Counting html files with ruby and bash

At work, I had the task to count how many html files where located within a specific folder and its subfolders.

I did it first in Ruby, then in bash. I will show the source code and explain the solution afterwards.

First, the Ruby solution:

puts Dir.glob('**/*.html').count

I invoke the glob method of the Dir class and send it a glob pattern. This pattern refers to all html files within the current directory and within all sub directories. The method returns an array of all found files. This array has a count method which returns the number of entries. The number is printed to the console using the puts command. Read it like this: The program puts the number to the console.

You can invoke this directly from the command line using ruby -e as shown below:

ruby-e "puts Dir.glob('**/*.html').count"

Note, that you have to be careful how to use the or signs. For more information on the Dir class and its methods, please refer to the ruby api on the Dir class.

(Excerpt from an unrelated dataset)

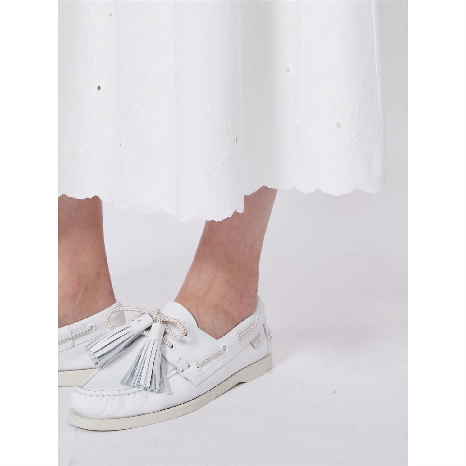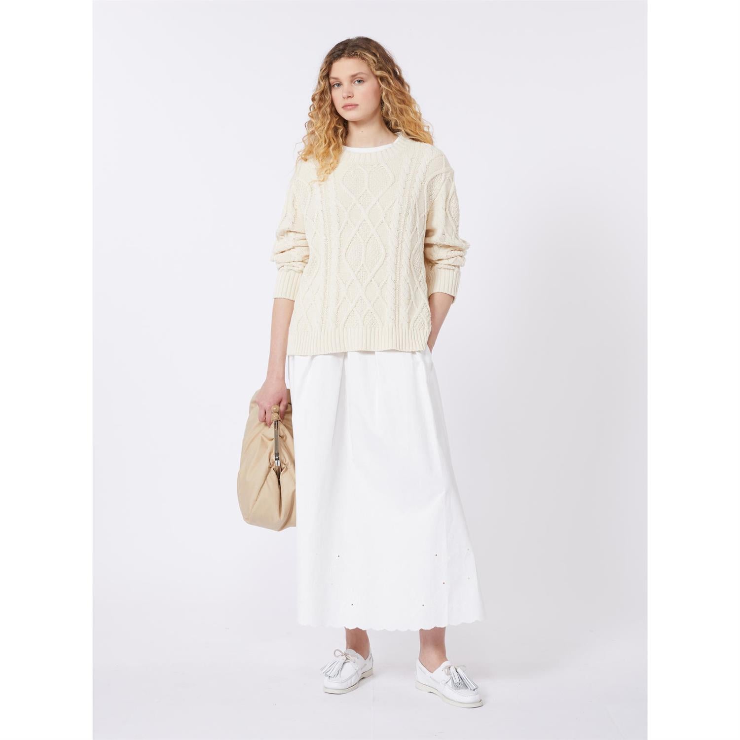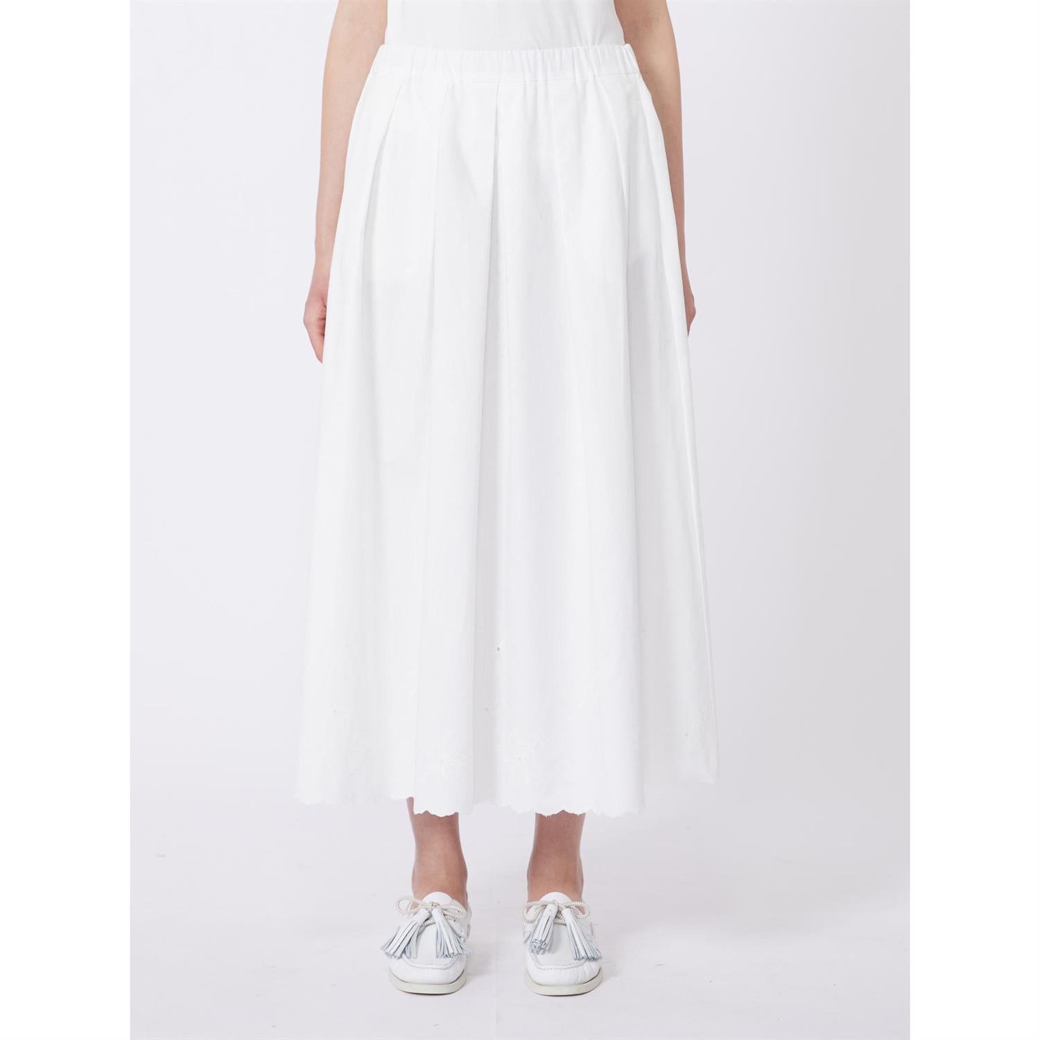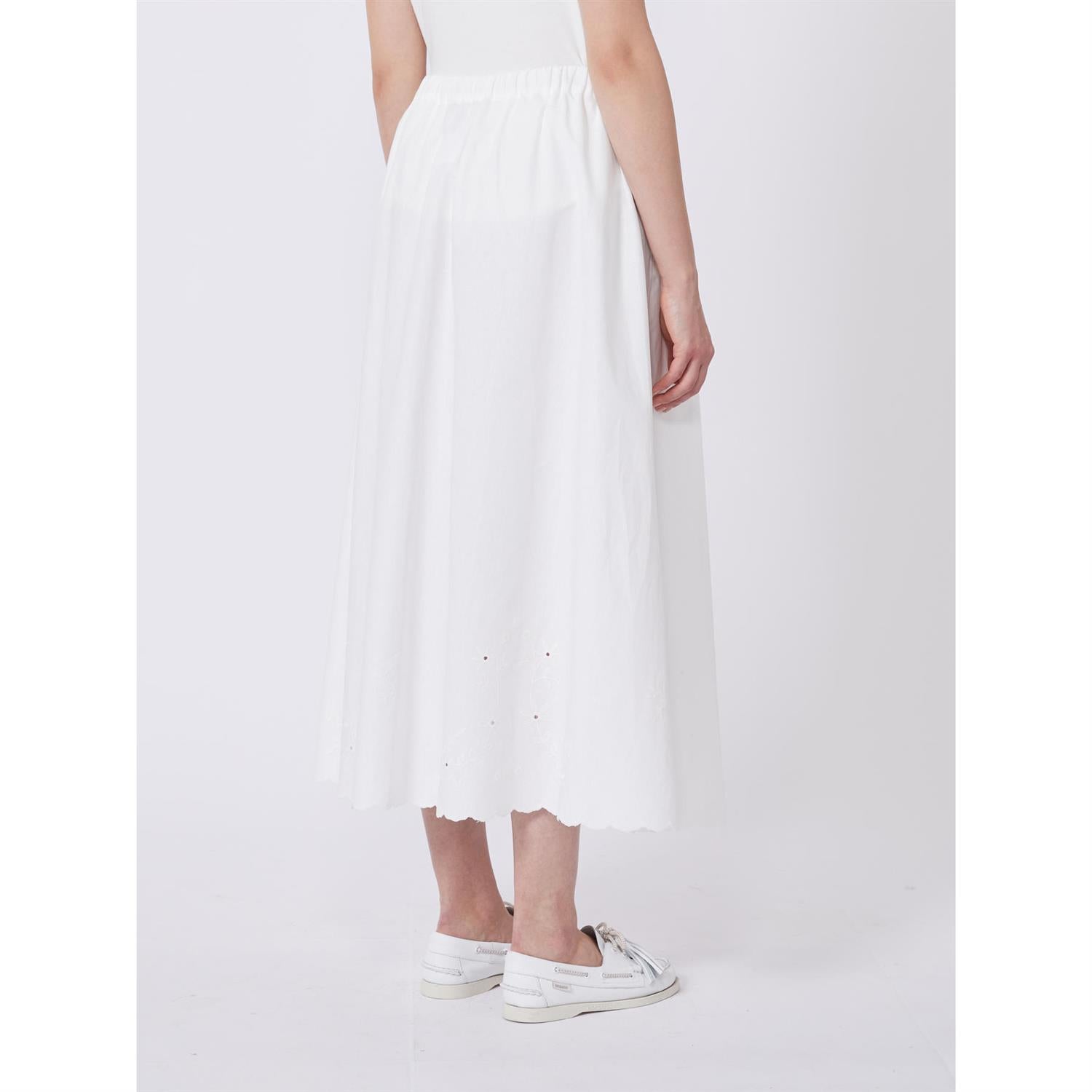 Long A-line skirt, embellished with eyelet embroidery on the hem and a scalloped edge.

In bash, the solution is as follows:

find -name "*.html" | wc -l

It consists of two parts: First, all files which ends with .html are found within the current directory and its subfolders using the find command. Each found file will be send to the STDOUT. Normally, this would print this to the console. However, using |  (the pipe character) we redirect the found files to the wc command which stands for word count. This command can count the characters, words or lines of a file/input. In our case, we want it to count the lines by passing it the -l flag. For more information on pipes on unix, read this.

Both solutions work! 🙂

Learning Ruby – for buildr

I decided to learn ruby for using buildr as my build system for the diploma thesis. So, I looked for a book your guide to learn it. And I found an excellent and funny one which represents the syntax, semantic and much more of ruby.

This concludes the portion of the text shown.